Para se ter uma idéia da alavancagem no segmento da construção civil em 2006, basta lembrar que alguns números atestam a boa fase: de janeiro a outubro, o faturamento das revendas de materiais de construção cresceu 4,5% em relação ao mesmo período de 2005, de acordo com a Associação Nacional dos Comerciantes de Material de Construção (Anamaco).
Pesquisa realizada pela Câmara do Mercado Imobiliário de Minas Gerais (CMI/MG), Sindicato da Habitação de Minas Gerais (Secovi-MG) e Instituto de Pesquisas Econômicas e Administrativas da UFMG (Ipead) mostrou que o mercado mineiro apresentou elevação do volume de transações de 2004 para 2006 (13% de 2004 para 2005, e 18,94% de 2005 para 2006).

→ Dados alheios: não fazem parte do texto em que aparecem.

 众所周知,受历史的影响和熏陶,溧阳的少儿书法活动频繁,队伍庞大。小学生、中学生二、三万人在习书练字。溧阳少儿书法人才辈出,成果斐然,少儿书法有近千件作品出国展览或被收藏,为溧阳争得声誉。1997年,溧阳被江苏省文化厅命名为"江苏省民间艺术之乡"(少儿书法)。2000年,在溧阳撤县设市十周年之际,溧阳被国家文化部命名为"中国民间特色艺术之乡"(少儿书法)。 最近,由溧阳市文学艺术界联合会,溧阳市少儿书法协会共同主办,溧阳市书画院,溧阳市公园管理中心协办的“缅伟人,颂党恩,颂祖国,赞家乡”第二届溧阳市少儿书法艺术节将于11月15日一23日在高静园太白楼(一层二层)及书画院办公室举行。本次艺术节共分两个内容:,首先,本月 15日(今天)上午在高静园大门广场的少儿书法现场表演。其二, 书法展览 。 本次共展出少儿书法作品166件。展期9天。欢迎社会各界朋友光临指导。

O valor médio dos apartamentos transacionados em BH também subiu, passando de R$ 96.542, em 2005, para R$ 109.782, em 2006, representando um aumento de 13,71%. O levantamento foi feito com base nas emissões do Imposto sobre Transações de Bens Imóveis (ITBI) até outubro de 2006. Entretanto, no decorrer de 2006, a pesquisa aponta uma queda no volume de transações de apartamentos e casas (que representam, juntos, 73,50% das transações imobiliárias em BH). O volume de transações de apartamentos, que era de 1.661 unidades em janeiro, caiu para 1.511 em outubro (último mês pesquisado).
Mas a média de negociações no ano ficou em 1.740 negócios (contra a média de 1.659,42 de 2005), o que representa um aumento na média das transações de 4,86%, informa o presidente da CMI/MG e Secovi-MG, Ariano Cavalcanti. No segmento de casas, o ano começou com 411 negócios em janeiro e finalizou outubro com 393 transações, mantendo uma média de 446 negócios por mês.
O valor médio das casas negociadas em outubro foi de R$ 109.159. Já com relação ao segmento de salas e lojas, o aumento de preços foi mais constante. O volume de transações de salas que, em janeiro, era de 128 unidades, passou em outubro (último mês da pesquisa) para 201 unidades (aumento de 57,03%), mantendo uma media de 186 unidades por mês. No tipo lojas, o movimento foi semelhante, mas o aumento de transações foi mais expressivo, de 66 para 111 unidades, representando um aumento de 68,18% no número de transações.
O balanço de 2006, portanto, é positivo. Embora o mercado reconheça que se esperava mais, os números registram melhoras nos segmentos de venda e locação. “O aumento do valor médio das unidades, como apartamentos (que aumentaram 13,71% em relação a 2005), aliado ao aumento no número de transações de 18,94%, comprovam a melhora do mercado”, destaca Cavalcanti. O segmento comercial que registrava uma retração mais acentuada, também reagiu.